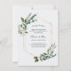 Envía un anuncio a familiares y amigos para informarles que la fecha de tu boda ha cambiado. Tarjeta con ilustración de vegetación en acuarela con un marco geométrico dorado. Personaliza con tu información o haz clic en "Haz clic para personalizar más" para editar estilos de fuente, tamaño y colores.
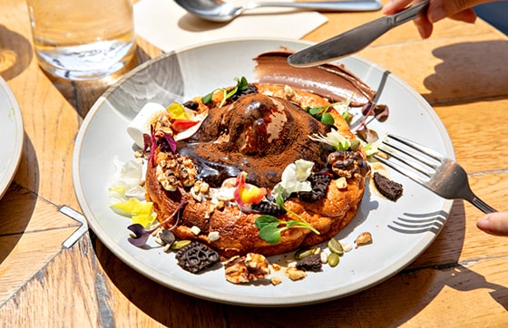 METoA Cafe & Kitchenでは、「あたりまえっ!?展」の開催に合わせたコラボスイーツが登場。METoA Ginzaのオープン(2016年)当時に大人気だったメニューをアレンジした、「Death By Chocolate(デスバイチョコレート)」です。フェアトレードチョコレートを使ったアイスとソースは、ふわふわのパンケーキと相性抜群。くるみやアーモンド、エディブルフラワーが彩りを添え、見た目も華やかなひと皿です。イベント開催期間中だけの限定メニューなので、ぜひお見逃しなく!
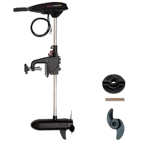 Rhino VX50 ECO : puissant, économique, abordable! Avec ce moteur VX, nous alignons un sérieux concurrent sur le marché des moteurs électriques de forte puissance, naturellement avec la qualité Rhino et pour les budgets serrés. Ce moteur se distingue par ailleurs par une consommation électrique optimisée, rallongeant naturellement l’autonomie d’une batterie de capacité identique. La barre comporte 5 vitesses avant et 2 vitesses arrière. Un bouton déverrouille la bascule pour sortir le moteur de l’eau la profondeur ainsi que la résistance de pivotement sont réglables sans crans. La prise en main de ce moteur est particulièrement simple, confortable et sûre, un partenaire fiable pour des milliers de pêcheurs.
=====
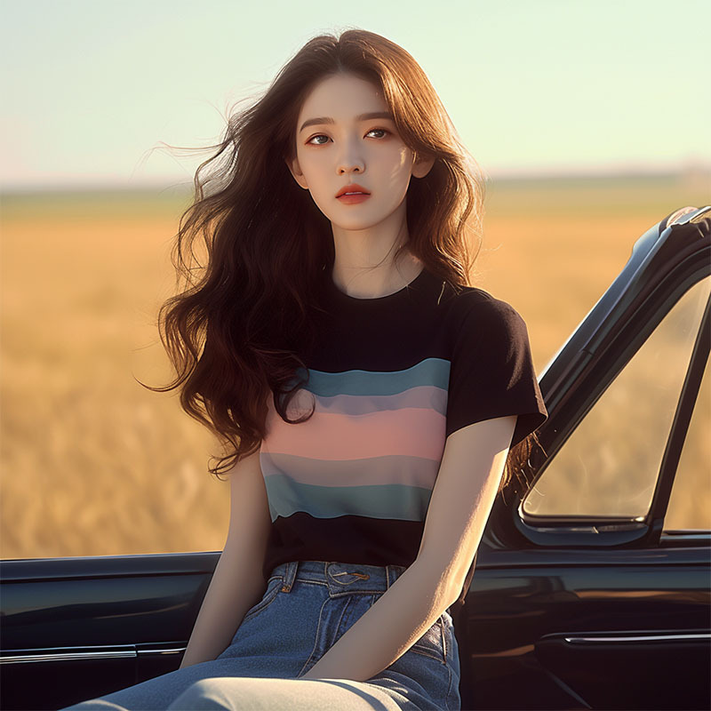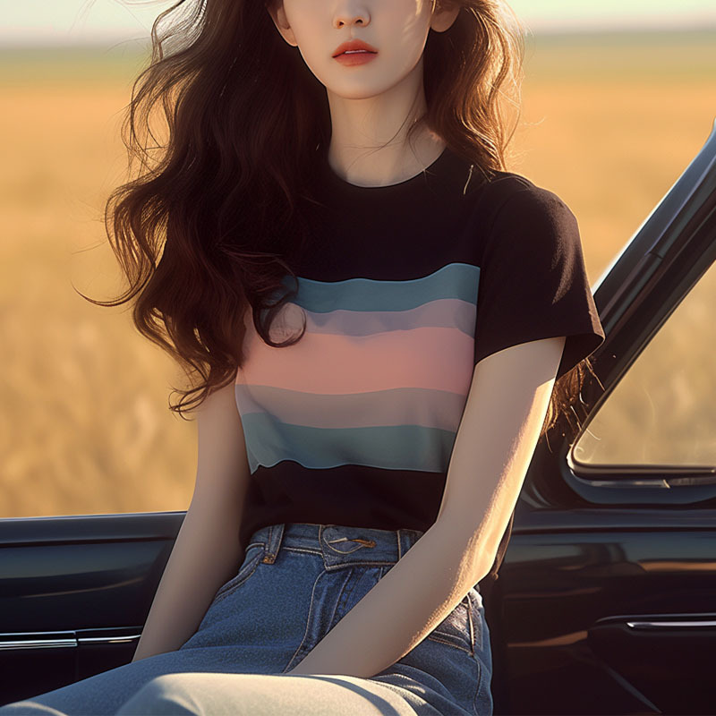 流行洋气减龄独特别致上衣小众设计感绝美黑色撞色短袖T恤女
=====
=== PROBLEM TO WORK ON ===
Above are the records; return the lines in them from the one with "Envía un anuncio" to the one with "METoA Cafe &", inclusive, exactly and without images.

=== EXPECTED OUTPUT ===
 Envía un anuncio a familiares y amigos para informarles que la fecha de tu boda ha cambiado. Tarjeta con ilustración de vegetación en acuarela con un marco geométrico dorado. Personaliza con tu información o haz clic en "Haz clic para personalizar más" para editar estilos de fuente, tamaño y colores.
 METoA Cafe & Kitchenでは、「あたりまえっ!?展」の開催に合わせたコラボスイーツが登場。METoA Ginzaのオープン(2016年)当時に大人気だったメニューをアレンジした、「Death By Chocolate(デスバイチョコレート)」です。フェアトレードチョコレートを使ったアイスとソースは、ふわふわのパンケーキと相性抜群。くるみやアーモンド、エディブルフラワーが彩りを添え、見た目も華やかなひと皿です。イベント開催期間中だけの限定メニューなので、ぜひお見逃しなく!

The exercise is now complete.